Exercise instructions:
An exact copy of the data is required. No picture may appear in it.

##############################

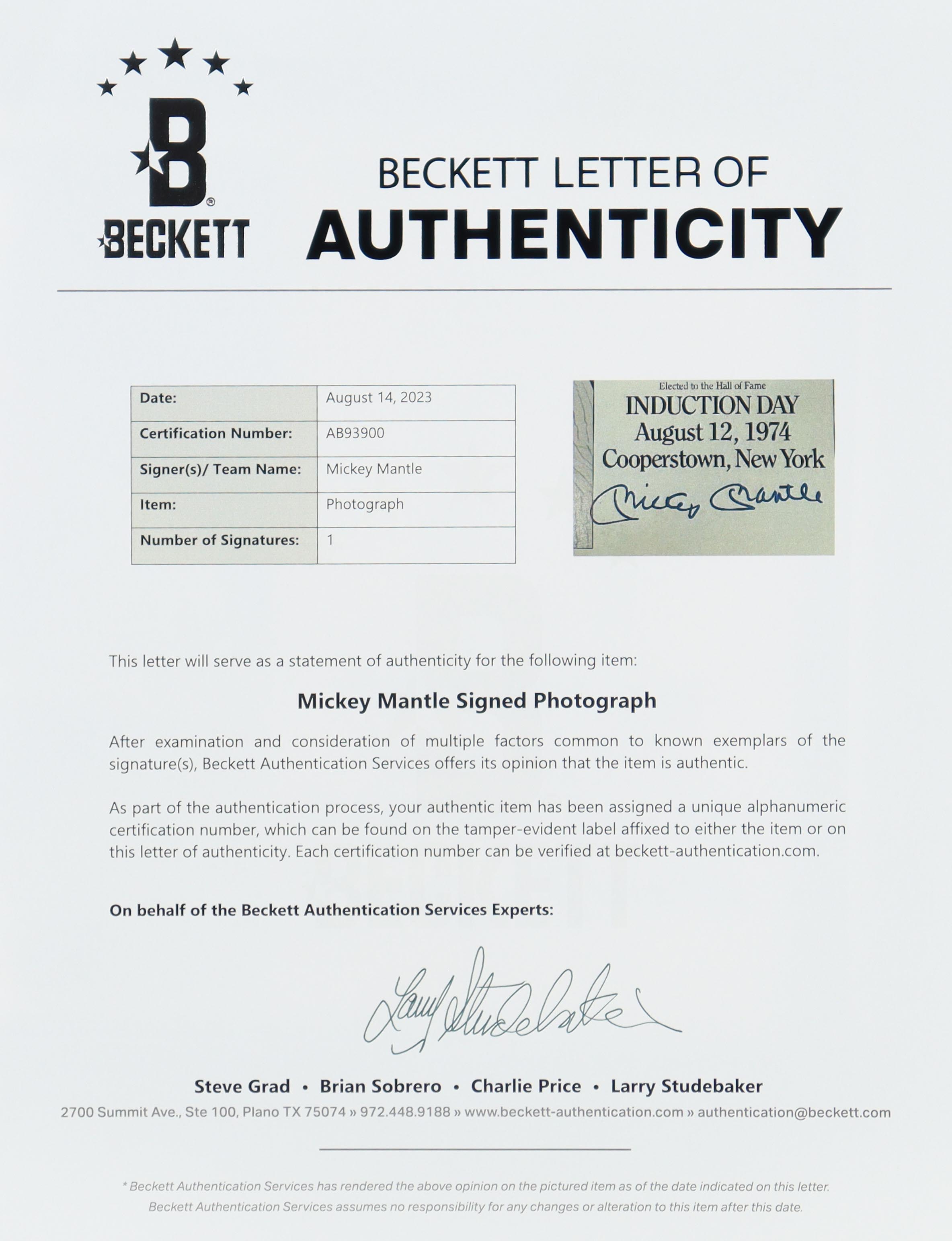 The autograph includes an official Beckett Authentication Services hologram and matching LOA for authenticity purposes.
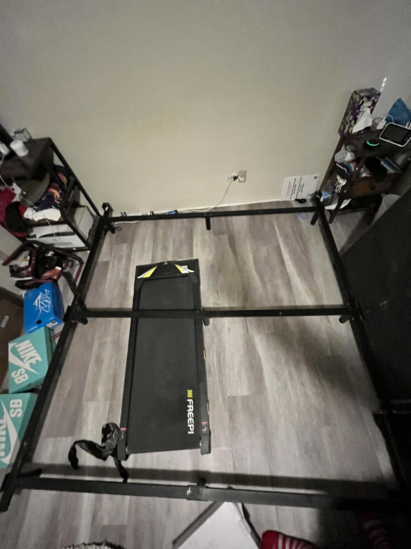 Was going to try and sell it but you are doing me the favor by taking it so it’s a fair trade in my eyes. Bed frame is broken down and in a box ready to go. Nothing was wrong with it the wife just wanted a new one. If no one picks up by Friday I’m throwing it in the trash.
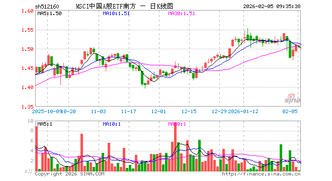 2月5日,MSCI中国A股ETF南方(512160)开盘跌0.26%,报1.506元。MSCI中国A股ETF南方(512160)重仓股方面,贵州茅台开盘跌0.33%,宁德时代涨0.20%,招商银行跌0.18%,工业富联跌2.13%,中国平安跌0.34%,紫金矿业跌2.63%,中际旭创涨0.18%,长江电力涨0.15%,农业银行涨0.00%,寒武纪跌1.68%。
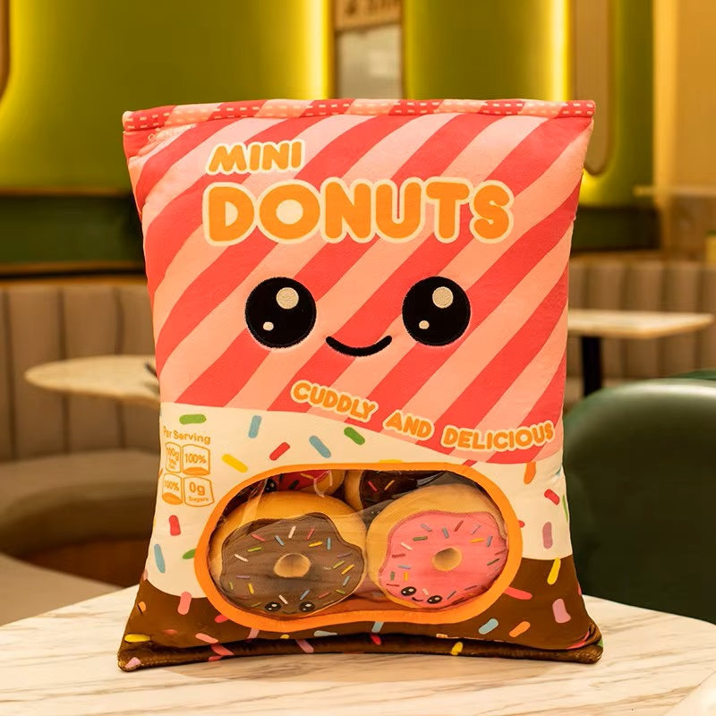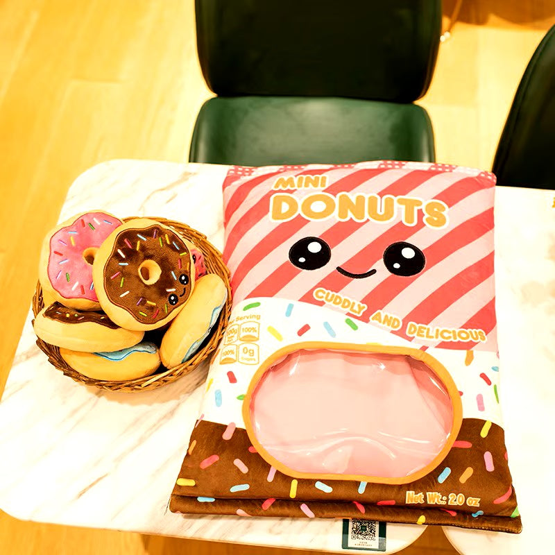 These frosted donut plushies are just over 6 inches wide and come in a vibrantly decorated bag that is as cuddly as it is cute. The bag mirrors the donuts, with a smiling face and delicious looking sprinkles. The full bag measures at 19.6”inches tall and 15.7 inches wide, so get ready to curl up and fall fast asleep after you finish your donut feast. With all that this plushy has to offer, it is the perfect gift for adults and kids alike!
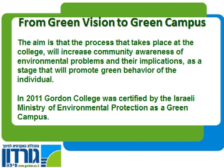 INVOLVEMENT IN THE COMMUNITY Mentoring Ethiopian Children in Pardess Hana • In partnership with the Federation of Jewish Communities of Miami, Gordon College of Education is working in three elementary schools strengthening the academic learning skills of 40 Ethiopian children. • Finding jobs for our Ethiopian graduates by integrating them into this program.
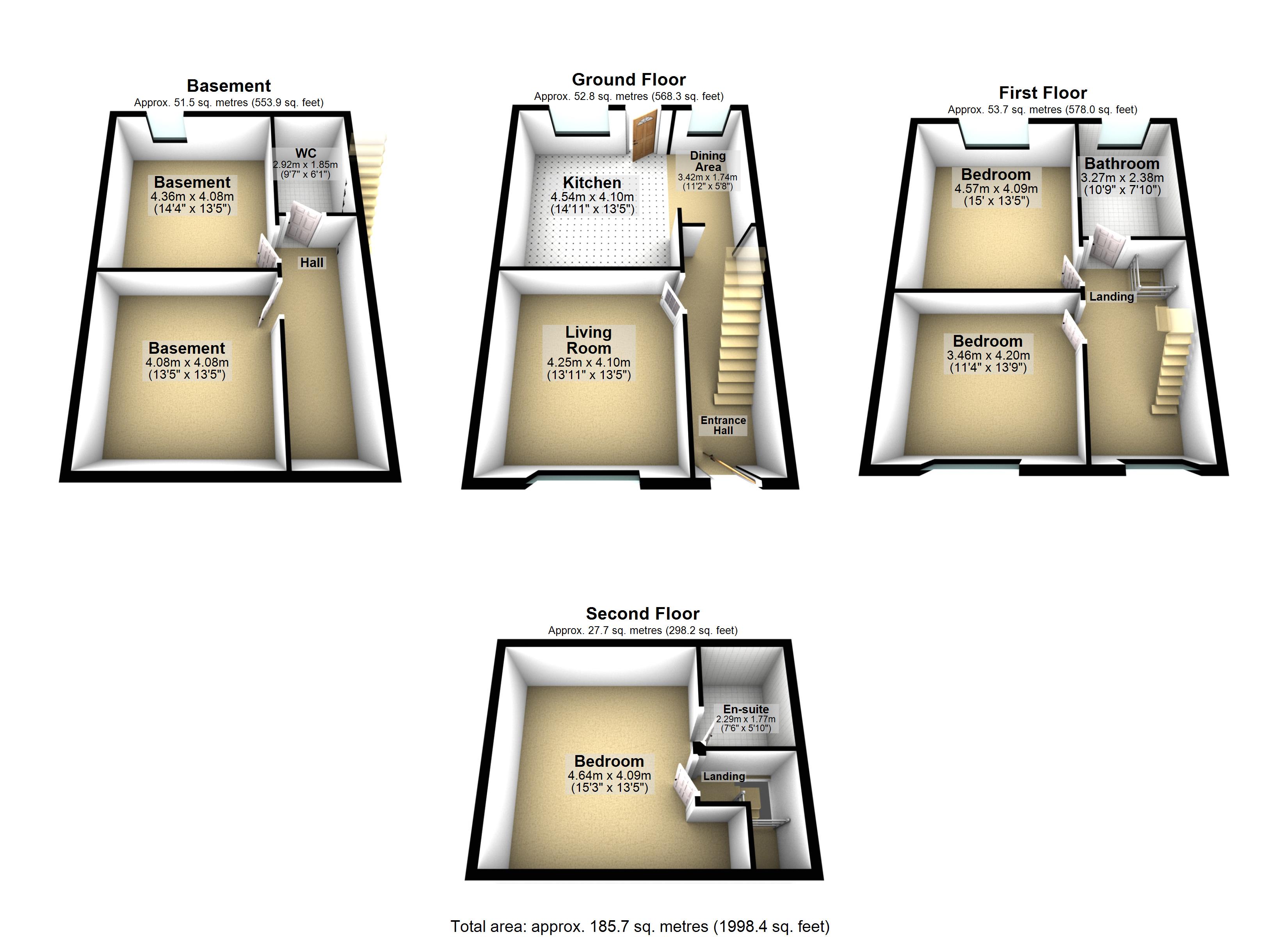 Internally the accommodation covers approximately just under 2000sqft of VERSATILE living space over FOUR LEVELS, comprising of entrance hallway, lounge, MODERN FITTED KITCHEN/DINER, TWO BASEMENT ROOMS, w.c, THREE DOUBLE BEDROOMS, en suite and a DELUXE FAMILY SHOWER ROOM.
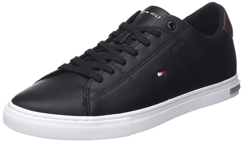 Entdecke die Tommy Hilfiger Herren Vulcanized Sneaker Essential Leather Detail Vulc Schuhe in Schwarz (Black) in der Größe 42 EU. Diese sportlichen Sneaker bestechen durch ihr premium Design, das mit hochwertigen Materialien gefertigt ist. Das markante Tommy Hilfiger-Branding und die seitlich aufgestickte Flag verleihen dem Schuh einen besonderen Akzent.
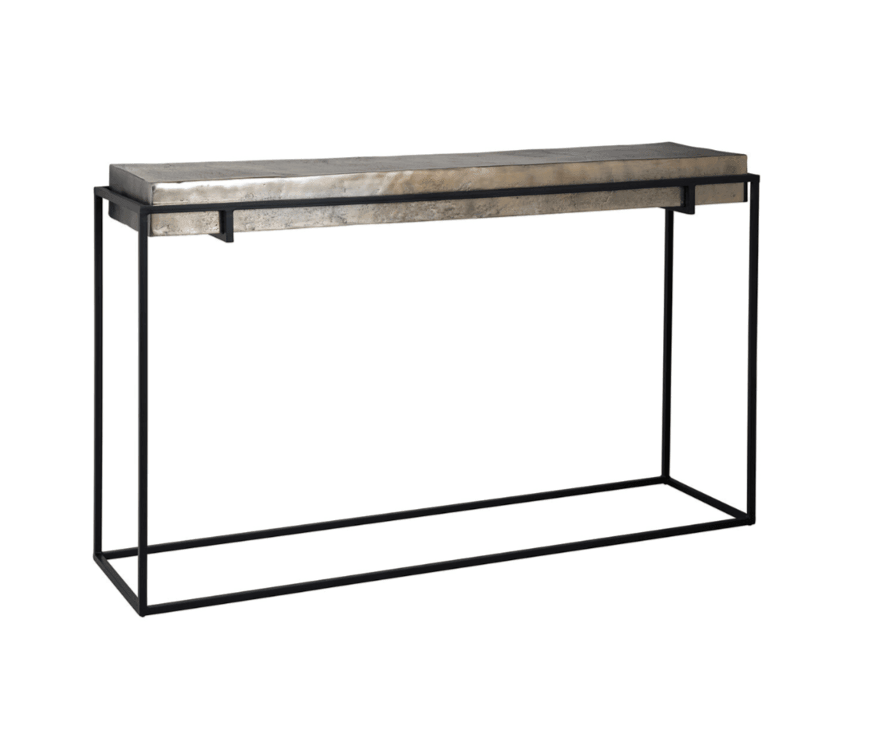 Console Calloway is not only a solid, but also an extremely stylish piece of furniture. Its rectangular top made of cast aluminum in a beautiful shade of champagne gold gives it a luxurious glow and a unique character. The whole has been perfectly combined with black metal accents that add industrial charm and unique design.

##############################

The completed task:
 The autograph includes an official Beckett Authentication Services hologram and matching LOA for authenticity purposes.
 Was going to try and sell it but you are doing me the favor by taking it so it’s a fair trade in my eyes. Bed frame is broken down and in a box ready to go. Nothing was wrong with it the wife just wanted a new one. If no one picks up by Friday I’m throwing it in the trash.
 2月5日,MSCI中国A股ETF南方(512160)开盘跌0.26%,报1.506元。MSCI中国A股ETF南方(512160)重仓股方面,贵州茅台开盘跌0.33%,宁德时代涨0.20%,招商银行跌0.18%,工业富联跌2.13%,中国平安跌0.34%,紫金矿业跌2.63%,中际旭创涨0.18%,长江电力涨0.15%,农业银行涨0.00%,寒武纪跌1.68%。
 These frosted donut plushies are just over 6 inches wide and come in a vibrantly decorated bag that is as cuddly as it is cute. The bag mirrors the donuts, with a smiling face and delicious looking sprinkles. The full bag measures at 19.6”inches tall and 15.7 inches wide, so get ready to curl up and fall fast asleep after you finish your donut feast. With all that this plushy has to offer, it is the perfect gift for adults and kids alike!
 INVOLVEMENT IN THE COMMUNITY Mentoring Ethiopian Children in Pardess Hana • In partnership with the Federation of Jewish Communities of Miami, Gordon College of Education is working in three elementary schools strengthening the academic learning skills of 40 Ethiopian children. • Finding jobs for our Ethiopian graduates by integrating them into this program.
 Internally the accommodation covers approximately just under 2000sqft of VERSATILE living space over FOUR LEVELS, comprising of entrance hallway, lounge, MODERN FITTED KITCHEN/DINER, TWO BASEMENT ROOMS, w.c, THREE DOUBLE BEDROOMS, en suite and a DELUXE FAMILY SHOWER ROOM.
 Entdecke die Tommy Hilfiger Herren Vulcanized Sneaker Essential Leather Detail Vulc Schuhe in Schwarz (Black) in der Größe 42 EU. Diese sportlichen Sneaker bestechen durch ihr premium Design, das mit hochwertigen Materialien gefertigt ist. Das markante Tommy Hilfiger-Branding und die seitlich aufgestickte Flag verleihen dem Schuh einen besonderen Akzent.
 Console Calloway is not only a solid, but also an extremely stylish piece of furniture. Its rectangular top made of cast aluminum in a beautiful shade of champagne gold gives it a luxurious glow and a unique character. The whole has been perfectly combined with black metal accents that add industrial charm and unique design.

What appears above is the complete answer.